Starting at the line that contains "Das Einkommen aus" and stopping after the line that contains "Wallpaper Large gray", transcribe the listing below exactly; do not include any pictures.

- [EXERCISE MATERIALS]
================

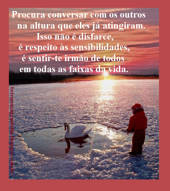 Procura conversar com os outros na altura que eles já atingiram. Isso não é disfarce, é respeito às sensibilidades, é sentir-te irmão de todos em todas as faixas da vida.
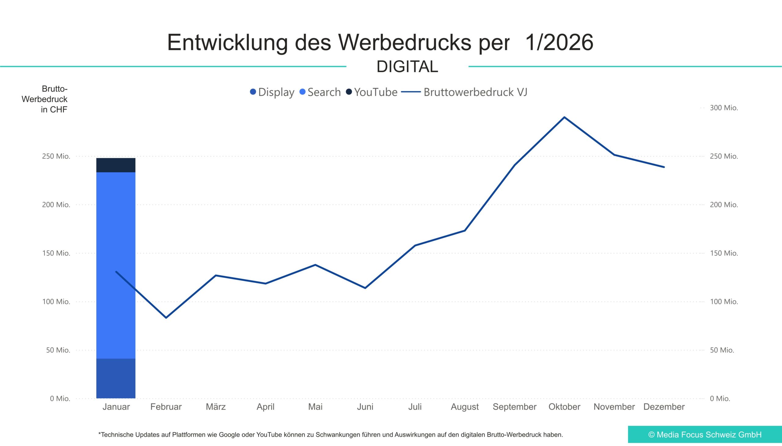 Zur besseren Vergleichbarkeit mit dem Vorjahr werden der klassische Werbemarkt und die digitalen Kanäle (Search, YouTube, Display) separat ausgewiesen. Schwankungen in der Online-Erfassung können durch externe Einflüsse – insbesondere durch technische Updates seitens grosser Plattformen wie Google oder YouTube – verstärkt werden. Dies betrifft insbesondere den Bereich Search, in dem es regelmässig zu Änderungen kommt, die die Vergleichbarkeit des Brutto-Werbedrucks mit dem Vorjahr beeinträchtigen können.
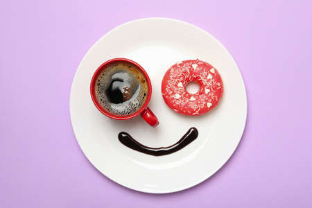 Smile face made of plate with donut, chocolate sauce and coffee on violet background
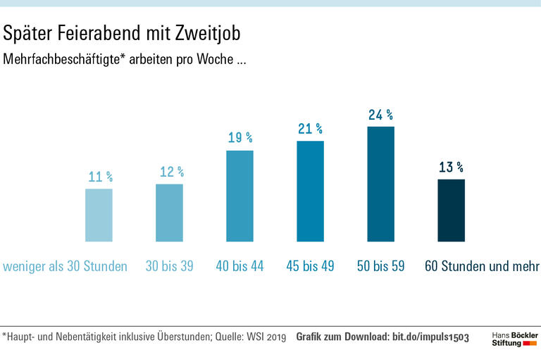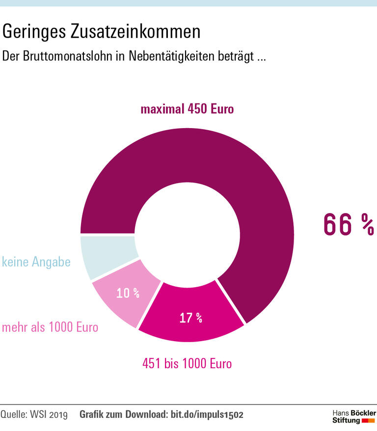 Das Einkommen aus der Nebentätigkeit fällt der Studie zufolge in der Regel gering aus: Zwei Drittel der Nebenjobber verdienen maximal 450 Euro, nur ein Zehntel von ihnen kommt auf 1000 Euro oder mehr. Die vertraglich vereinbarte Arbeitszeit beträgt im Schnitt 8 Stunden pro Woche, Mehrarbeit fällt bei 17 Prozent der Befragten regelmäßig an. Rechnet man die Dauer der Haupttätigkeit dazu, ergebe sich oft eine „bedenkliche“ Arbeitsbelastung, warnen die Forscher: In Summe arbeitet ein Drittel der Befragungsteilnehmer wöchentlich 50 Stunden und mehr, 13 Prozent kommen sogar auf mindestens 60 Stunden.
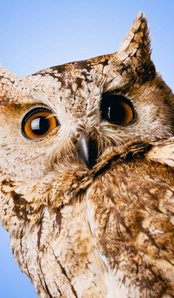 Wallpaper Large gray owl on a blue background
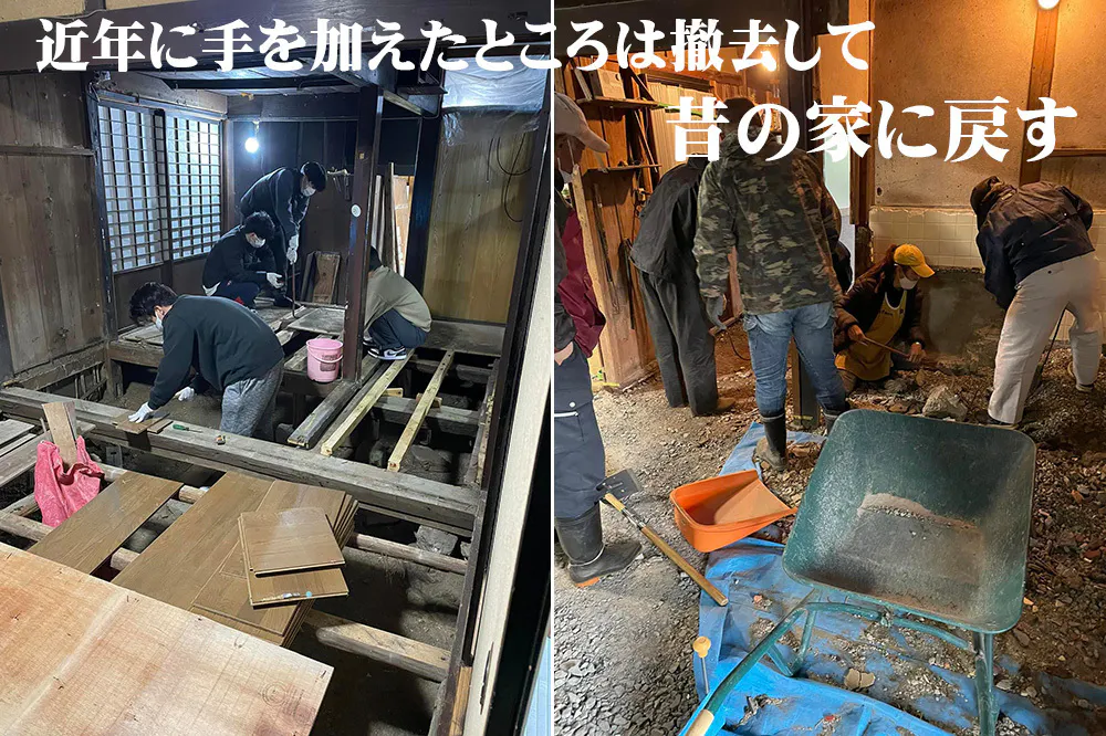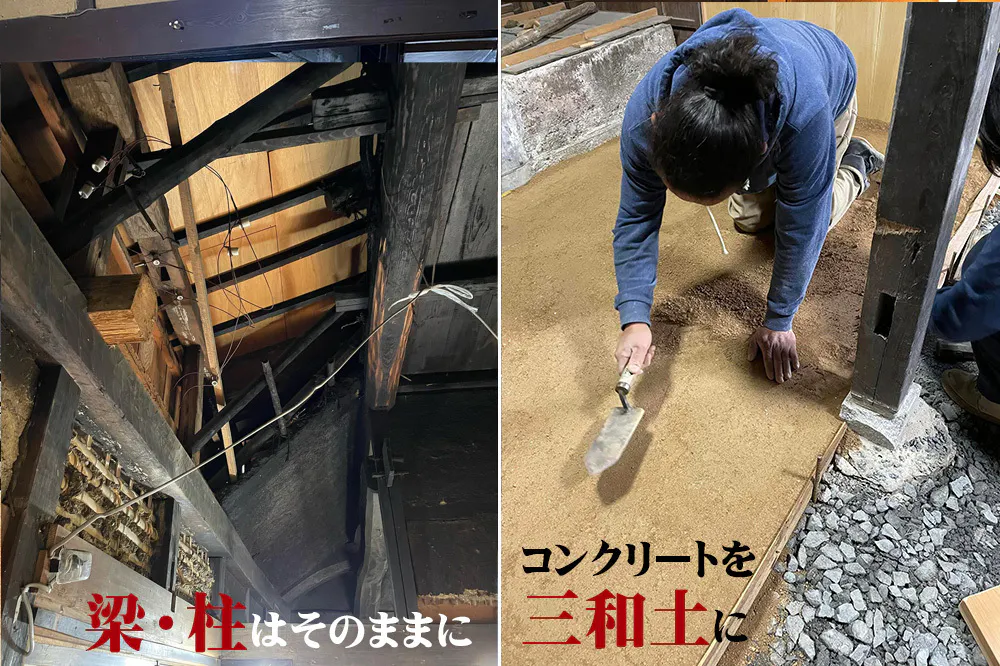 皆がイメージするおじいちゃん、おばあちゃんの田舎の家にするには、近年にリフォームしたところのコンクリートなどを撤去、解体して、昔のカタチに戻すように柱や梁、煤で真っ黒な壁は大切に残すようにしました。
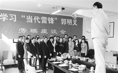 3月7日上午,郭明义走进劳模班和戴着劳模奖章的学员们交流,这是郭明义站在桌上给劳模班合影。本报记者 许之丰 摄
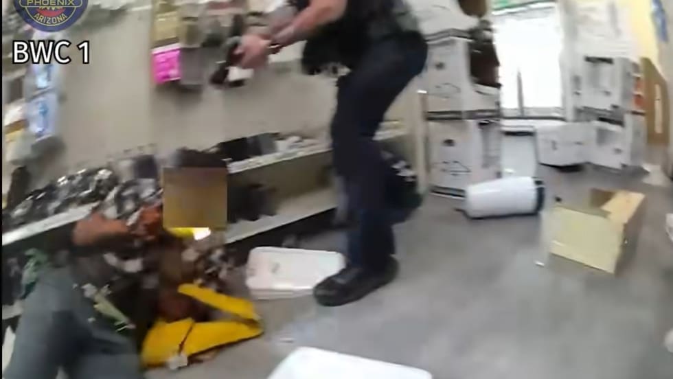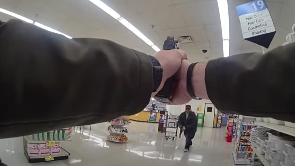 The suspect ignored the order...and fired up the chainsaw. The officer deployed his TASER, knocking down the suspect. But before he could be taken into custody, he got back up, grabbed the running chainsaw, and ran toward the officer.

================

- [SOLUTION FOR THIS TASK]
 Das Einkommen aus der Nebentätigkeit fällt der Studie zufolge in der Regel gering aus: Zwei Drittel der Nebenjobber verdienen maximal 450 Euro, nur ein Zehntel von ihnen kommt auf 1000 Euro oder mehr. Die vertraglich vereinbarte Arbeitszeit beträgt im Schnitt 8 Stunden pro Woche, Mehrarbeit fällt bei 17 Prozent der Befragten regelmäßig an. Rechnet man die Dauer der Haupttätigkeit dazu, ergebe sich oft eine „bedenkliche“ Arbeitsbelastung, warnen die Forscher: In Summe arbeitet ein Drittel der Befragungsteilnehmer wöchentlich 50 Stunden und mehr, 13 Prozent kommen sogar auf mindestens 60 Stunden.
 Wallpaper Large gray owl on a blue background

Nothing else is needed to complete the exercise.